The “Buraku Problem” (Buraku mondai)
For those readers with no background in the study of Japan some brief words of explanation of the “Buraku problem” are perhaps required. Burakumin are the descendants of outcaste groups from the Edo era who continued to face prejudice even after they were formally emancipated from segregation in the nineteenth century. They are not a distinct people ethnically, religiously or linguistically. The exact size of their population is contested. Government surveys only include the descendants of outcaste families who currently dwell in Buraku communities and have consistently suggested a figure of around 1% of the total population. But if we were to count all those who, if their background were known, would be vulnerable to discrimination in marriage or employment for example, whether or not they reside in Buraku communities, the figure is said to be closer to 3% or about three million people today. Although formal restrictions were lifted by the Meiji government in 1871 as part of the process of dismantling the old regime, prejudice and discrimination continued across the late nineteenth and into the twentieth centuries. From the late 1890s groups formed within Buraku communities to improve themselves, to demand government aid and to protest against the continuing discrimination. In the 1920s, just as the Japanese workers and tenant farmers organised unions to protect their interests, so Burakumin formed an organisation, the Suiheisha, Leveler’s Association, which aimed at “liberation by our own efforts.” It survived until the late 1930s but was unable to resist the rise of the authoritarian wartime state.

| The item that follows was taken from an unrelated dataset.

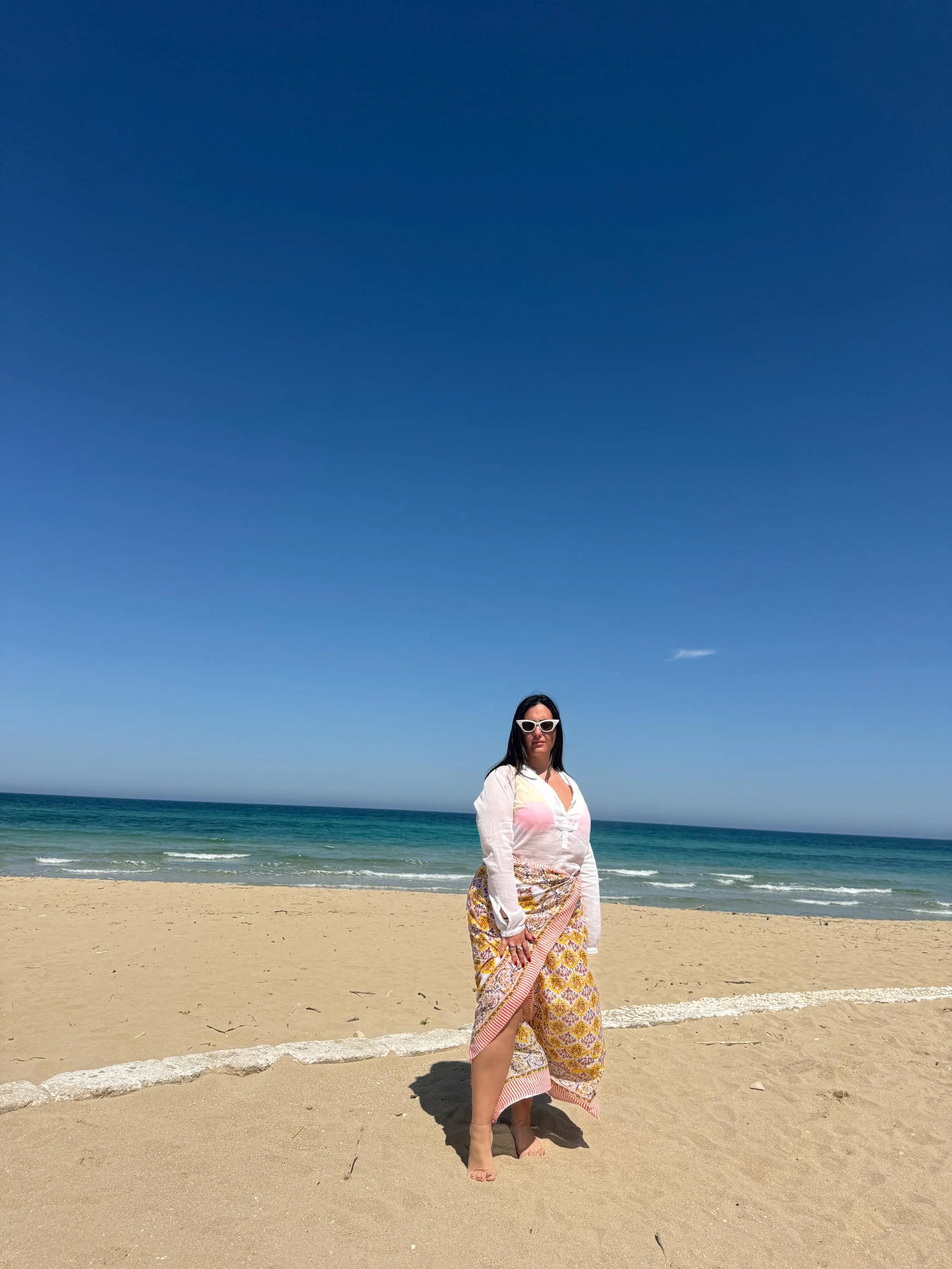 Scopri il nostro meraviglioso pareo sarong in mussola di cotone 100%, realizzato interamente a mano con la tecnica tradizionale della stampa a blocchi su tessuto. Questo accessorio è un vero must-have per l’estate: leggerissimo, traspirante e incredibilmente versatile.
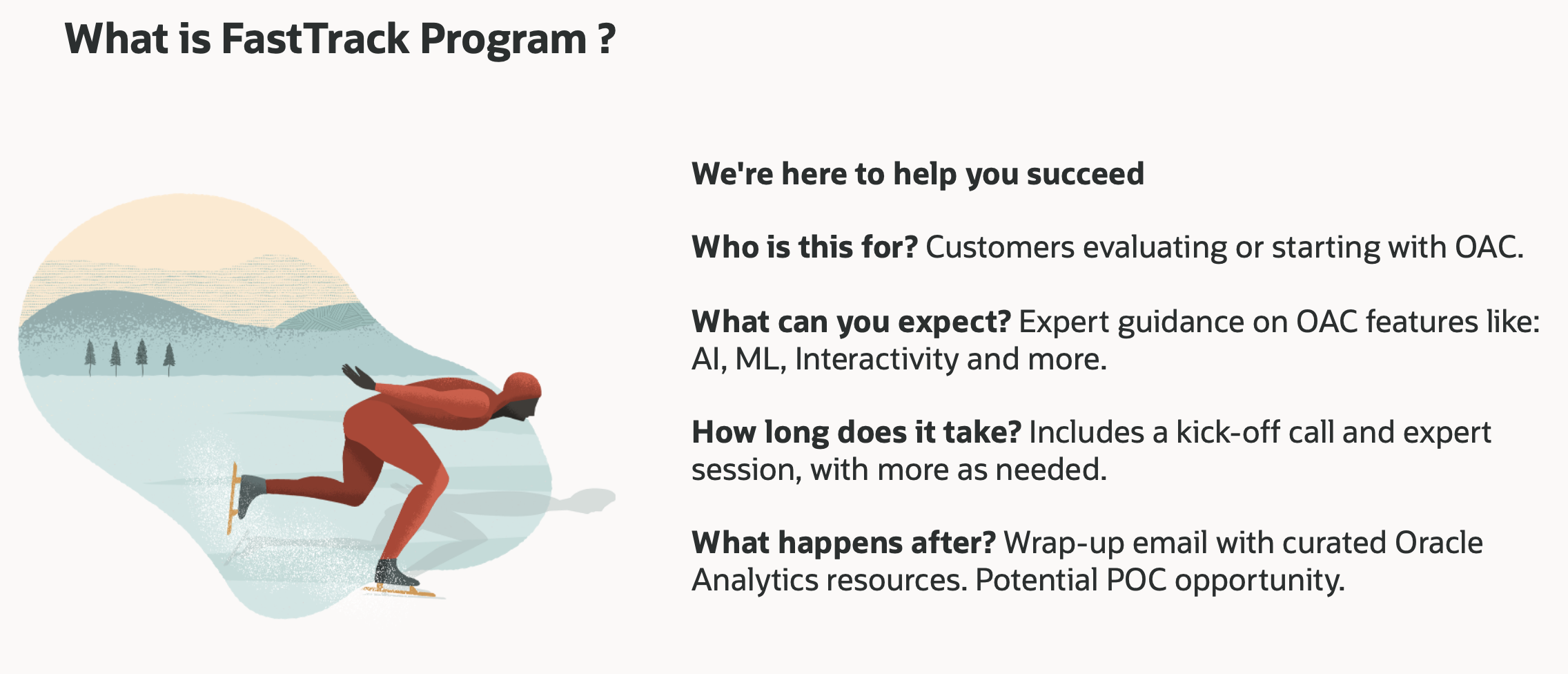 Oracle Analytics Cloud customers are invited to participate in our complimentary FastTrack Program – expert guidance to help you achieve your analytics goals faster.

The movement reformed in the late 1940s and, when it became clear that the occupation’s democratic reforms had not eliminated prejudices, a new organisation, called the Buraku Liberation League (BLL) from 1955, launched campaigns against specific instances of discrimination and demanded government devise an affirmative action programme that would ensure they did not miss out on the rapid economic growth that was benefiting most of Japanese society. The movement succeeded in persuading the government to establish a committee of enquiry which in its report published in 1965 recommended the launch of a Dōwa policy programme to improve the living conditions and life chances of those resident in Buraku communities. A Special Measures Law to authorize funding and planning for this programme was enacted in 1969. The policy continued until 2002. At this point the government declared the Buraku problem had been solved despite abundant evidence of the continued existence of discrimination. In 2016, partly in response to criticism of its inaction by such bodies as the Human Rights Committee of the United Nations, a law was passed that declared discrimination “unacceptable”. It decreed no penalties but did provide for a survey of Buraku communities. When its scope was decided it was made explicit that the survey should not try to assess the Buraku living conditions, just the existence of discrimination. The resulting report produced in 2020 by the Ministry of Justice, Human Rights division expressed its concern that information available on the internet promoted prejudice and could instil discriminatory attitudes.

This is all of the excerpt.